Barclays is to shut down the controversial tax planning division that helped
clients dodge millions of pounds of taxes as it tries to restore its shattered
The closure of Structured Capital Markets will be one part of a root and branch review of the bank's operations to be unveiled by new chief executive Antony Jenkins.
The division set up tangled schemes to help clients avoid millions in taxes in Britain and elsewhere. Last week, former Tory Chancellor Lord Lawson, a member of the Parliamentary Commission into Banking Standards, slammed the Barclays' operation, saying: "This was industrial scale tax avoidance."
Jenkins will admit the division's activities were unacceptable when he unveils his strategic review on Tuesday.
"There are some areas that relied on sophisticated and complex structures, where transactions were carried out with the primary objective of accessing the tax benefits. Although this was legal, going forward such activity is incompatible with our purpose. We will not engage in it again," he will say.
Under the strategic review, Jenkins has divided the bank's operations into about 75 activities, each of which has been analysed to see whether it is damaging to the bank's reputation and how much it contributes to profits.
The tax planning business is likely to be just one of several activities to be scrapped because they fail one or both tests.
In what will be seen as an attempt to break with the bank's recent toxic past, Jenkins will say: "We get it. The old ways weren't the right way to behave nor did they deliver the right results -- for banks themselves or for wider society.
"There must be a new approach for a new era in banking. Banks that fail to change will become failing banks."
The bank will signal a drop in bonus payments to staff from last year's pounds sterling 2.1 billion. Investment bankers' pay is likely to be cut by up to 20 per cent and several thousand job cuts are also expected.
However, Jenkins has made it clear that Barclays will continue to be a universal bank offering retail and investment banking services, though new regulations will force it and others to impose a ring-fence between retail and other banking business.
The review will be accompanied by Barclays' financial results for 2012. Underlying profits are expected to be about pounds sterling 7.2 billion, up from pounds sterling 5.6 billion the previous year.

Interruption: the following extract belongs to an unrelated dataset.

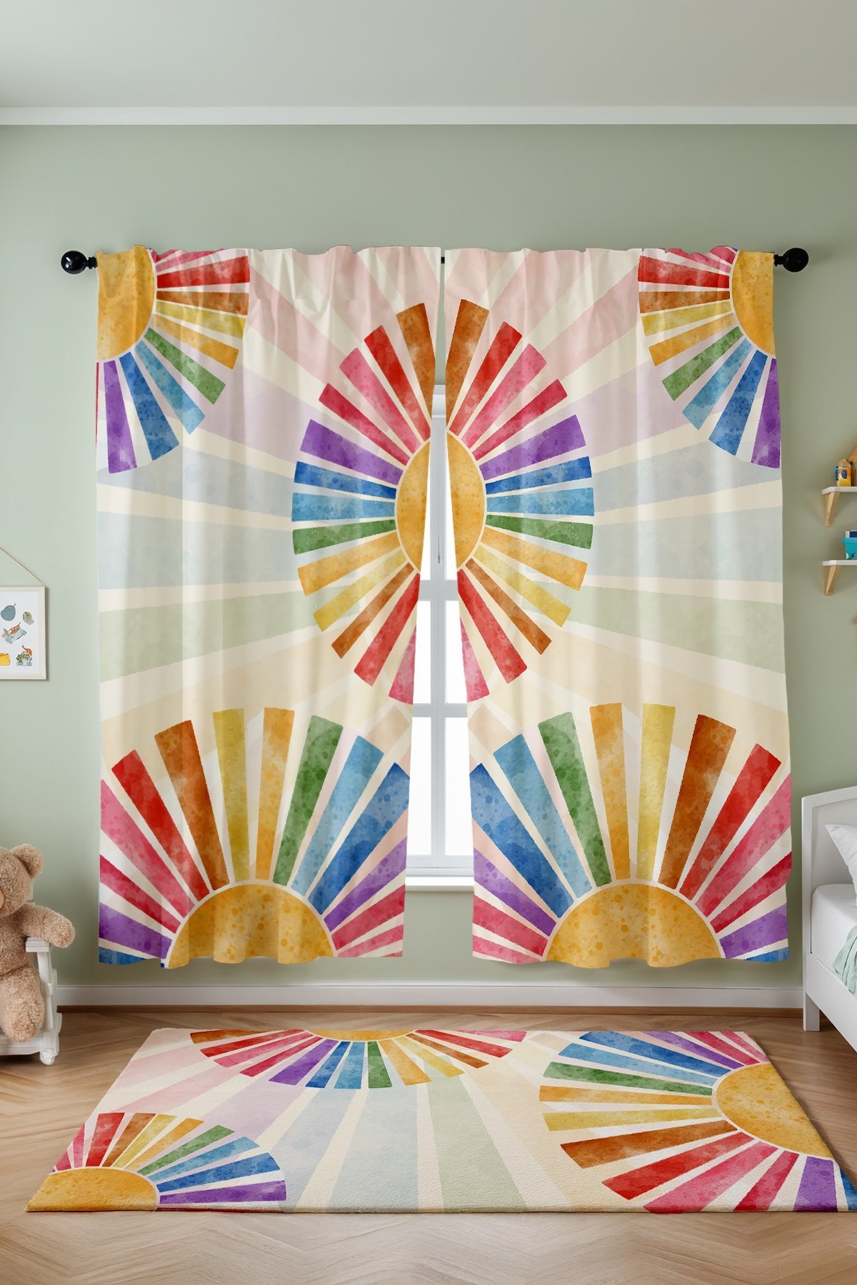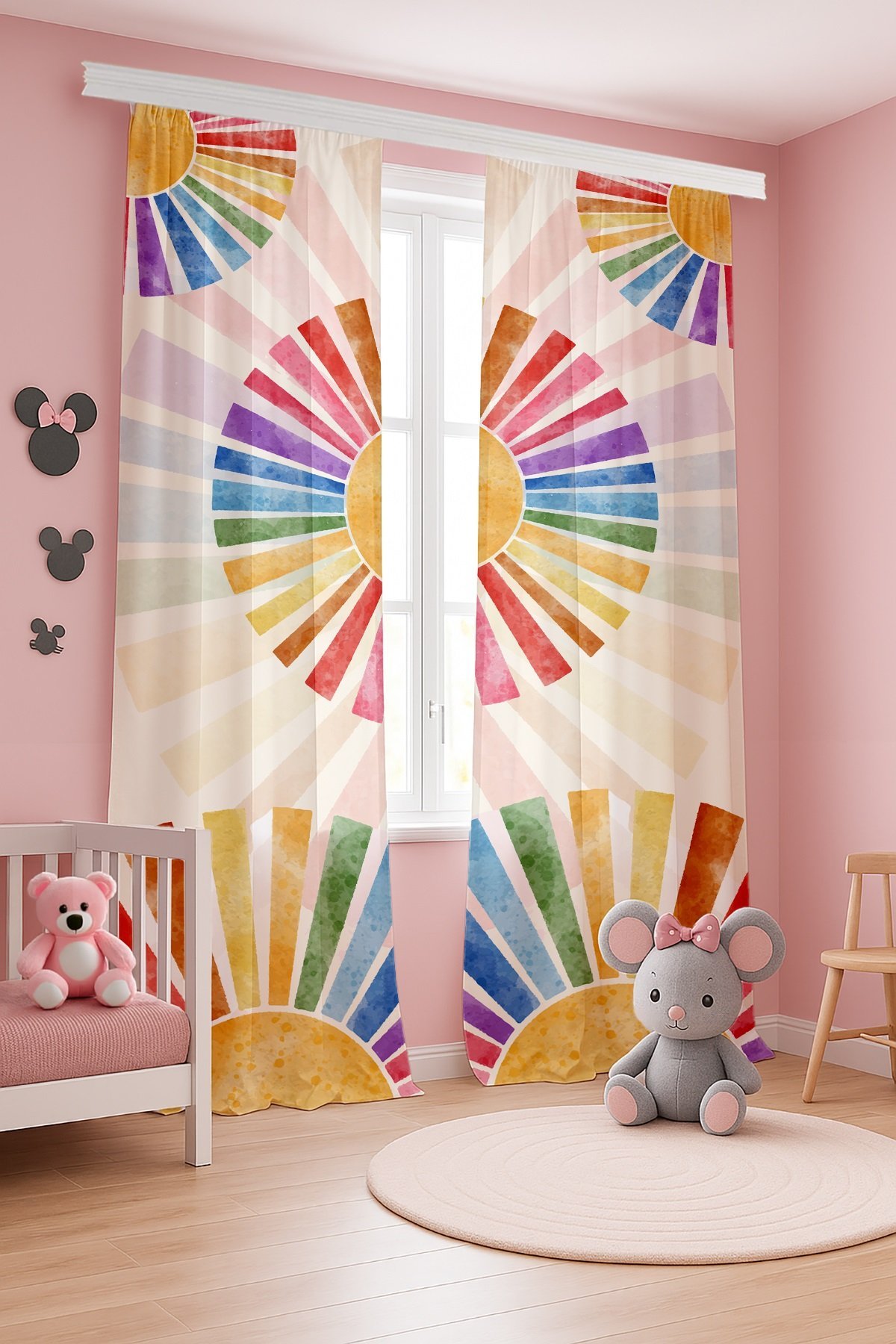Renkli Güneşler Desenli Çocuk Bebek Odası Fon Perde (Tek Kanat Fiyatlandırma)

However, the final profit figure will be hit by compensation payouts for mis-selling payment protection insurance and complex interest rate-hedging products to small businesses.
The bank has already announced that its 2012 results will include pounds sterling 2.45 billion set aside for these mis-selling scandals.
The bottom line will also be hit by an adjustment because of the rising market value of Barclays' debts. Although amounting to a pounds sterling 4 billion knock to reported profits, the figure does not represent the cash cost to the bank and is widely regarded as an oddity of the accounting rules that has affected all banks in recent years.
Jenkins took over as chief executive in the autumn after his predecessor Bob Diamond was driven from office during the Libor rigging scandal.
The Libor case, in which Barclays traders were found to have tried to rig the London Interbank Lending Rate cost it pounds sterling 290 million in fines.